Антарих отступил на шаг и, театрально откинувшись назад, принялся вызывать время на разговор:
Что можешь ты,Мгновенье, сладкий миг?
Сладкий миг моментально отозвался и задекламировал:
Могу пробыть с тобою вечностьИ в день грядущий не спешить,У времени занять безбрежность.
Антарих удовлетворенно кивнул и вновь затянул:
Что хочешь ты,Мгновенье, сладкий миг?
Мгновенье на мгновенье замешкалось, но, спохватившись, торопливо зашепелявило в ответ:
Хошу швободу дать тебе,Но дороши швободой этой.И помни: радошть не в еде,А в пешне, што ешё не шпета.
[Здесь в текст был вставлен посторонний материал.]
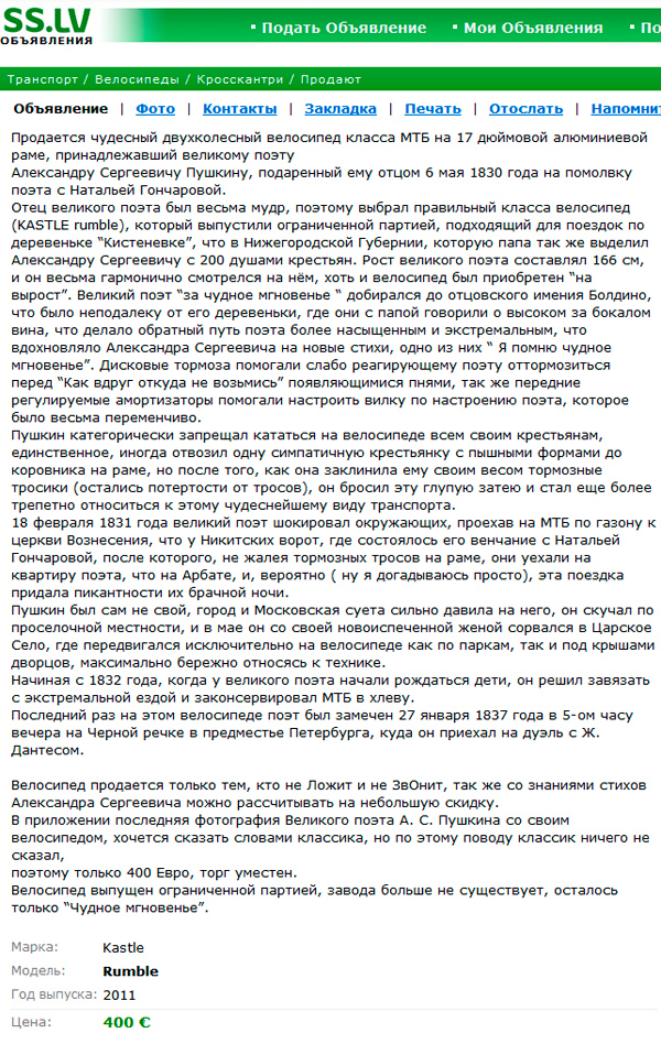 Про велосипед Пушкина - это просто "пир духа"! Прочитал два раза. На втором прочтении сполз под стол. 😄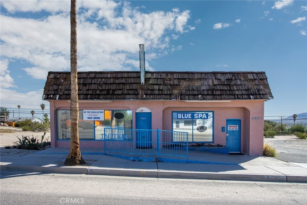 $275K!!! BEST BUY COMMERCIAL in 29 Palms!!! TWO BUSINESS FRONT BUILDINGS (attached) in downtown. TWO STREET ADDRESSES: 5929 & 5933 ADOBE ROAD. No other commercial property with this much space for sale at this price. GREAT BUY. Once side it currently set up for hair stylist. Buyer to call City Hall for uses. Fantastic investment. Schedule a showing with you agent today!!!

Старцы выжидательно замолчали. Выжидательно же – выявив только что знак равенства между «меньше говоришь» и «меньше ломит бока» – молчал и Конрад.
– Ну? Нечего сказать? – строго спросил Антарих. – Что ж, жизненная правда у каждой стороны своя, поэтому приходится руководствоваться предрассудками. Вы считаете дураками нас, мы считаем таковыми вас. Все логично.
– Я вас не знаю. Поэтому, конечно, судить о вас не мне. Но элементарный порядок-то должен соблюдаться. У вас вот с именами полная неразбериха…
– Во-первых, – голос Антариха вновь зазвучал сурово, – код-распознаватели в пределах резерваций используются лишь в исключительных случаях. Во-вторых, об их существовании здесь никому, кроме нескольких доверенных лиц, неизвестно. И тут являешься ты и начинаешь пугать всех своими «откровениями». Ты должен понимать, что вся эта система действует, пока мы соглашаемся с произвольно устанавливаемыми Клеймом именами. А мы больше не хотим зависеть ни от Клейма, ни от прочих сумасшедших изобретений, навязываемых нам теми, кого мы на это не уполномочивали. До твоего появления здесь никаких неудобств из-за этого у нас не возникало.